End To End RAG Agent With DeepSeek-R1 And Ollama: A Technical Deep Dive

Table of Contents

In this technical deep dive, I’ll walk through creating a complete Retrieval-Augmented Generation (RAG) agent using DeepSeek-R1 and Ollama. This approach combines the powerful reasoning capabilities of DeepSeek-R1 with the local deployment flexibility of Ollama to create an efficient, customizable knowledge retrieval system.

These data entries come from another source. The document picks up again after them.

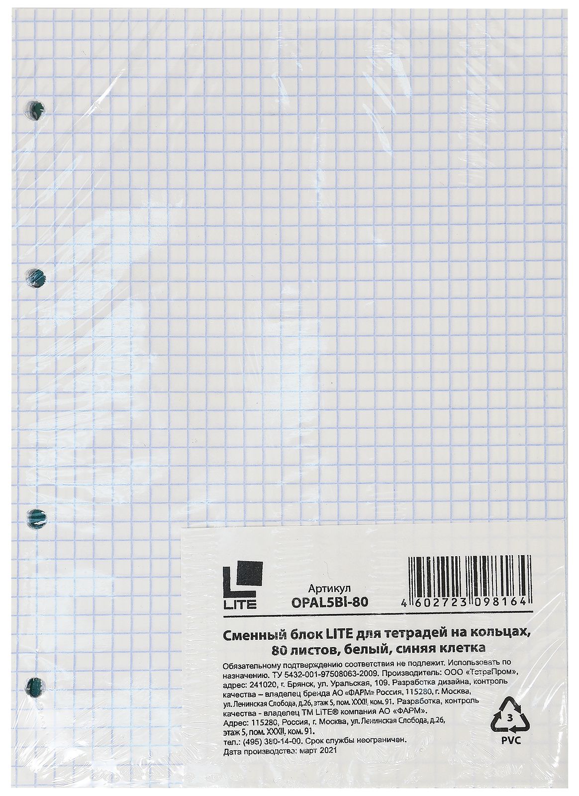 Формат: А5 Количество листов: 160 Линовка: клетка Цвет линовки: синий Упаковка: термопленка Плотность блока, г/м2: 60 Мин. партия и варианты упаковок: 1 / 30 Сменный блок 160 л. А5, линовка: синяя клетка, LITE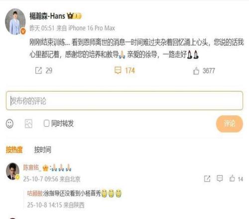 世事难料,距离杨瀚森NBA(季前赛)首秀只有几天的时间,徐指导溘然长逝,真的很让人意难平。希望杨瀚森带着徐指导的嘱托和期盼,化悲痛为力量,可以在NBA走得更远。
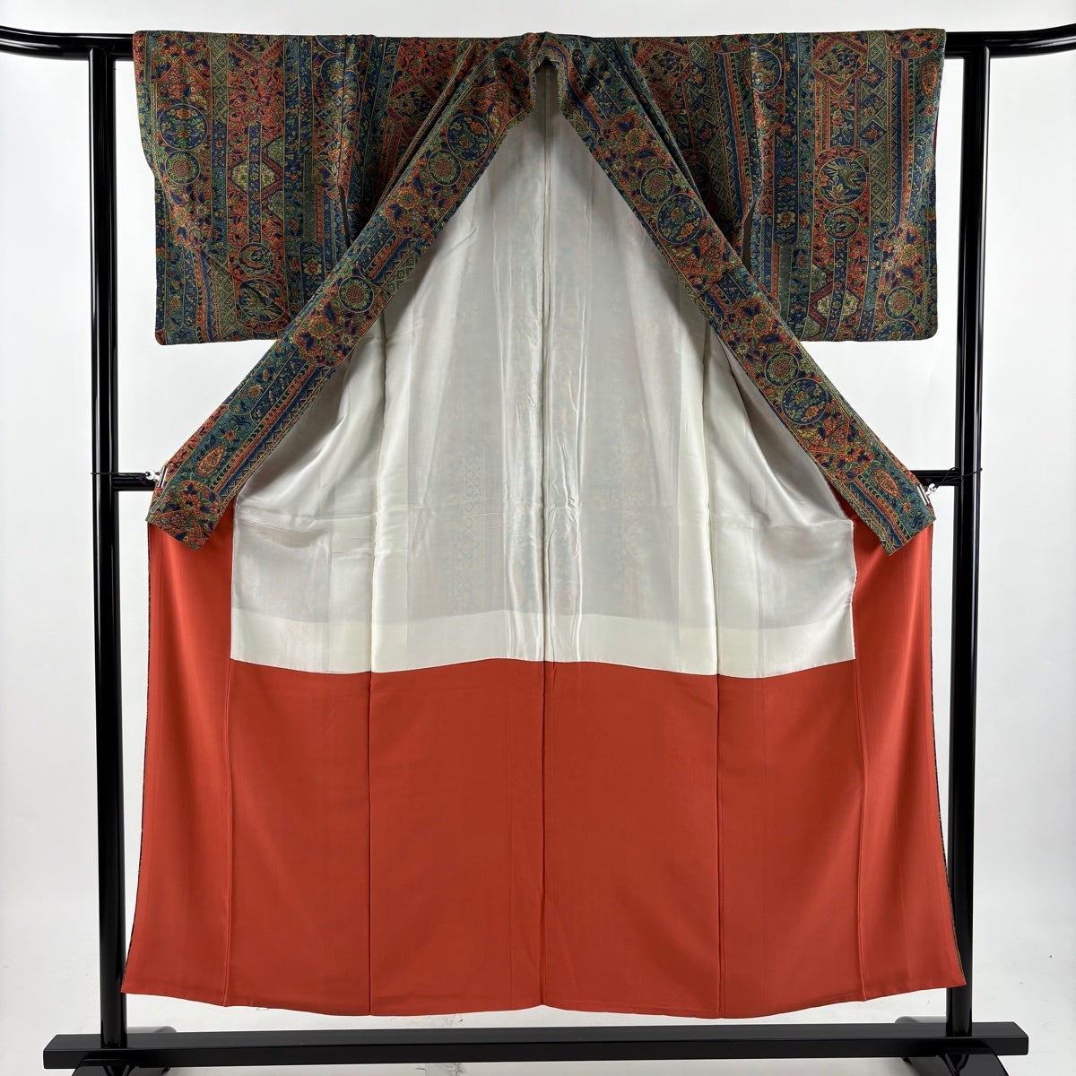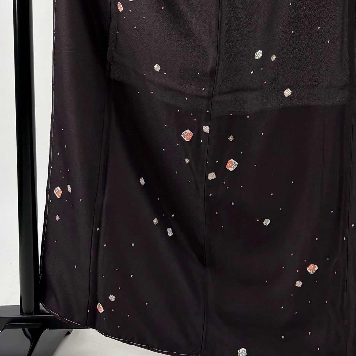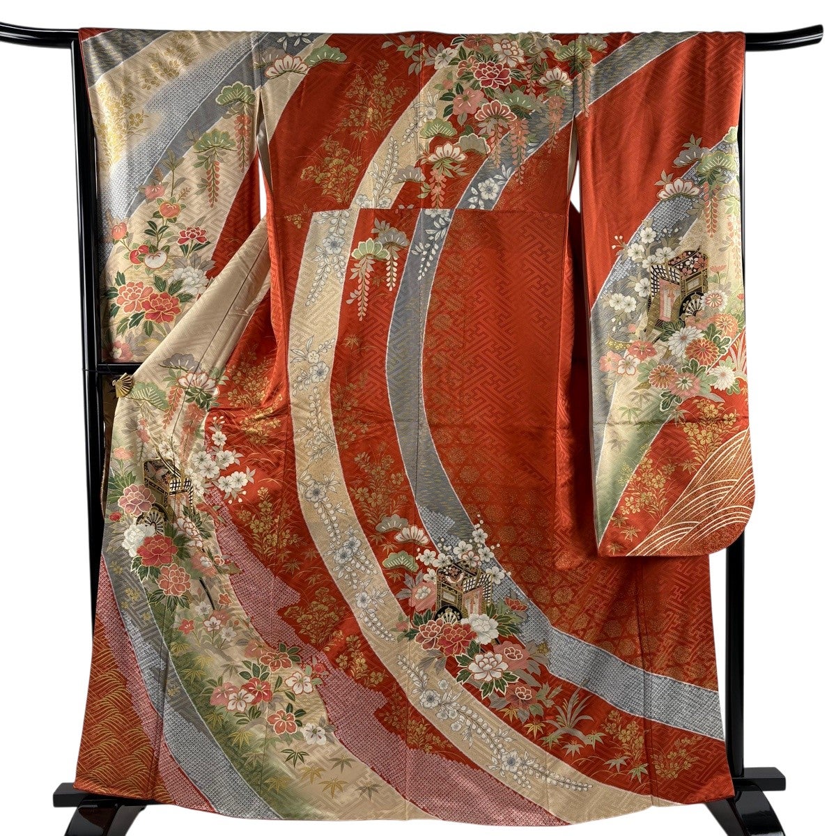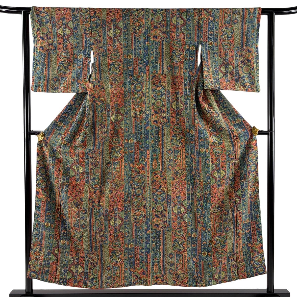 【美品】 振袖 身丈167cm 裄丈68cm L 袷 洗える着物 牡丹 扇面 金彩 黒 化繊 優品

Introduction to DeepSeek-R1 and Ollama

DeepSeek-R1 is a reasoning-focused large language model (LLM) optimized for complex reasoning tasks. Released by DeepSeek AI, it demonstrates exceptional performance on logic, mathematics, and reasoning benchmarks while maintaining strong general capabilities.

Ollama is an open-source framework for running LLMs locally. It simplifies deployment with lightweight containerization, making it ideal for running models on personal hardware without cloud dependencies.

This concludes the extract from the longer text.